Member of Andhra Pradesh Legislative Assembly
- In office 2014.–2019
- Preceded by: Audimulapu Suresh
- Succeeded by: Audimulapu Suresh
- Constituency: Yerragondapalem
- In office 1999–2004
- Preceded by: Thavanam Chenchaiah
- Succeeded by: Dara Sambaiah
- Constituency: Santhanuthalapadu

Chairman of Prakasam Zilla Praja Parishad
- In office 1995–1999
- Succeeded by: Mukku Kasi Reddy
- Constituency: Yerragondapalem

Personal details
- Born: 7 May 1958 Mattigunta village, Naguluppalapadu, Prakasam district, Andhra Pradesh, India
- Died: 25 August 2024 (aged 66) Hyderabad, Telangana, India
- Citizenship: Indian
- Party: Telugu Desam Party
- Parent: George
- Occupation: Politician

= David Raju Palaparthi =

Indian politician (1958–2024)

 Palaparthi David Raju (7 May 1958 – 25 August 2024) was an Indian politician who was an elected member of Andhra Pradesh Legislative Assembly, representing Yerragondapalem constituency. Previously, he was elected as member from Santhanuthalapadu constituency.

== Early life ==
Palaparthi was born in Mattigunta Village of Naguluppala Padu Mandal of Prakasam district on 7 May 1958. He graduated with a Master of Arts and L.L.B. from Andhra University.

== Political career ==
His political career was started in the year 1987 as party member in Telugu Desam Party. Later, he rose to Member of Mandal Praja Parishad. After that, he was elected as Chairman to Zilla Praja Parishad. In 1999, for the first time; he was elected as Member of Andhra Pradesh Legislative Assembly from Santhanuthalapadu constituency from Telugu Desam Party. Later, he joined YSR Congress Party in 2010. In 2014, he was elected as Member of Andhra Pradesh Legislative Assembly from Yerragondapalem constituency from YSR Congress Party. He shifted to Telugu Desam Party in 2016.

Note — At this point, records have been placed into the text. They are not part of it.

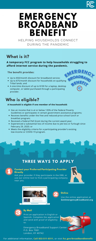 Emergency Broadband Benefit enrollment opened on May 12, 2021. Eligible households can enroll through a participating broadband provider or directly with the Universal Service Administrative Company (USAC) using an online or mail-in application. Additional information about the Emergency Broadband Benefit is available at www.fcc.gov/broadbandbenefit, or by calling 833-511-0311 between 9 am and 9 pm any day of the week.
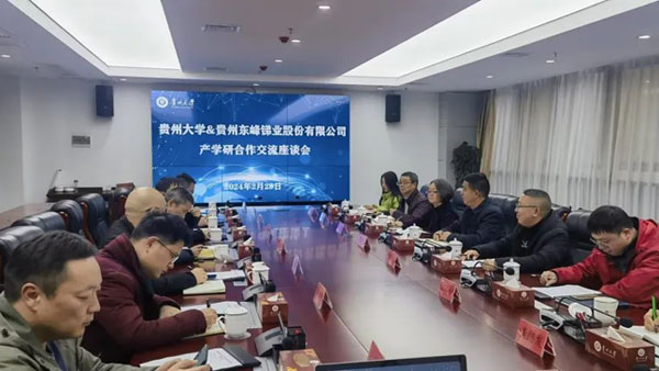 2024年2月29日,在黔南州科技局領導的大力助推下,東峰銻業與貴州大學產學研合作交流座談會在貴州大學賢正樓順利召開。東峰銻業股份有限公司總經理覃事敦與貴州大學科學技術研究院院長吳復忠教授等雙方代表就如何深化合作、共同推動產學研一體化發展進行了深入交流。
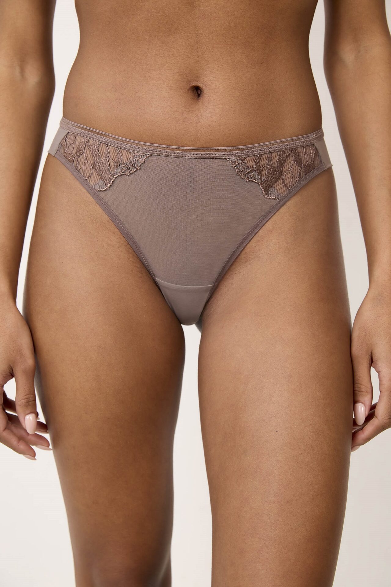 Majtki tanga Maison Lejaby z kolekcji Sin. Wykonane z elastycznego opalizującego tiulu, na bokach delikatny haft z motywem liści.
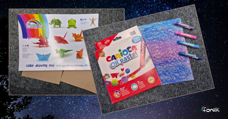 Weź tekturę z tyłu bloku A4 i przetnij ją na pół. Sięgnij po pastele olejne i pokryj całą powierzchnię kolorami, które kojarzą Ci się z nocą, snem albo kosmosem. Nie koloruj dokładnie – zostaw prześwity, puste miejsca i nierówności. To bardzo ważne, bo właśnie tam za chwilę „złapie się” tusz.

Elections in Political Career
| Year | Constituency | Party | Result |
|---|---|---|---|
| 1999 | Santhanuthalapadu | TDP | Won |
| 2009 | Yerragondapalem | TDP | Loss |
| 2014 | Yerragondapalem | YSRCP | Won |

== Death ==
Palaparthi died from kidney disease on 25 August 2024, at the age of 66.